# Age before beauty



## StuarTT (May 7, 2002)

A circus owner advertises for a lion tamer. Two people show up to be interviewed.

One is a good looking older man in his mid-sixties and the other is 
a gorgeous blonde in her late 20s.

The circus owner tells them, "I'm not going to sugar coat it. This is one
ferocious lion. He ate my last tamer so you had better be good or you'll be
history. Here's your equipment -- chair, whip and a gun. Who wants to try
out first?"

The girl says, "I'll go first."

She walks past the chair, the whip and the gun and steps right into the
lion's cage. The lion starts to snarl and pant and begins to charge towards her.
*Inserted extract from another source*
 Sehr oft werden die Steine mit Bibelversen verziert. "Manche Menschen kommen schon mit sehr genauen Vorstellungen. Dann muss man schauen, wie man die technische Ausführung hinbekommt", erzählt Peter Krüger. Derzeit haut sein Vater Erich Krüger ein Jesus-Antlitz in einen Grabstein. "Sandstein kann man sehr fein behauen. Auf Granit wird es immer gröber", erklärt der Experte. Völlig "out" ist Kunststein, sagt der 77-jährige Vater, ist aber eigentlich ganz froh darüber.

About half way there, she throws open her coat revealing her beautiful
naked body. The lion stops dead in his tracks, sheepishly crawls up to her and starts licking her feet and ankles. He continues to lick and kiss her
all over for several minutes and then rests his head at her feet.

The circus owner can't believe it. He says, "I've never seen a
display like that in my life."

He then turns to the older man and asks, "Can you top that?"
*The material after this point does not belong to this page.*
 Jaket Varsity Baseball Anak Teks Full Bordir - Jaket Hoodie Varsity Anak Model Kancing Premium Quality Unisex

The older man replies, "No problem, just get that lion out of the way."


----------



## SPECSMAN (Oct 11, 2016)

Reminds me of...........

Bloke goes for a job as a lion tamer.....
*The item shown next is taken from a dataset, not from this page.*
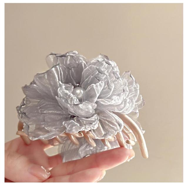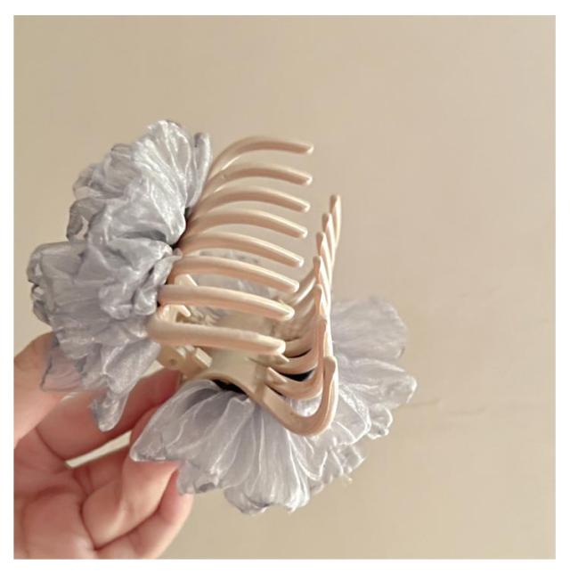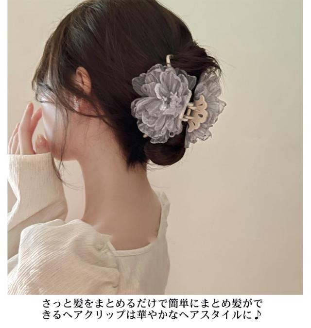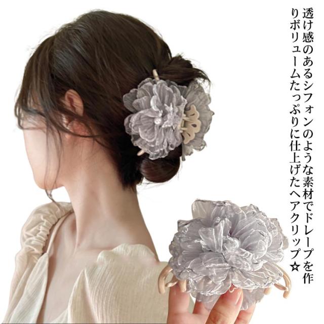ヘアクリップ ヘアアクセサリー ふんわり 大きめ ボリューミー ヘアアクセ パーティー パール シフォン しっかり ヘアー クリップ 大人 上品 エレガント 結婚式 お呼ばれ グレー 可愛い 送料無料

"It's easy really" said the ring master, "the lions are so highly trained, so long as you hold on to the chair and don't drop the whip, they will just do the routine and make you look fantastic!, Just frown a bit and crack the whip and you'll be fine!"

"But what if I drop the whip?" asked the applicant.

" It's not the end of the world" said the ring master "wave the chair more, don't break eye contact with the lions, keep low and back slowly to the door, escape and get a replacement whip".

"Great" replied the applicant "but if I dropped the whip and the chair, what would I do then?"

"Very unlikely" assured the ring master "but you are in severe danger if this were to happen; you would have to immediately crouch down to avoid posing a challenging stance, shuffle backwards closer to the door, grab some shit from behind you, throw it into the lions eyes, thus making them temporarily blind, and make your escape!"

"What if there's no shit?" asked the applicant.

"Don't worry, there will be plenty!"


----------



## Hoggy (May 8, 2002)

:lol: :lol: :lol: 
Hoggy.


----------



## MarksBlackTT (Nov 29, 2016)

:lol: :lol: :lol:


----------



## j8keith (Jun 26, 2009)

:lol:


----------



## YELLOW_TT (Feb 25, 2004)

:lol: :lol:


----------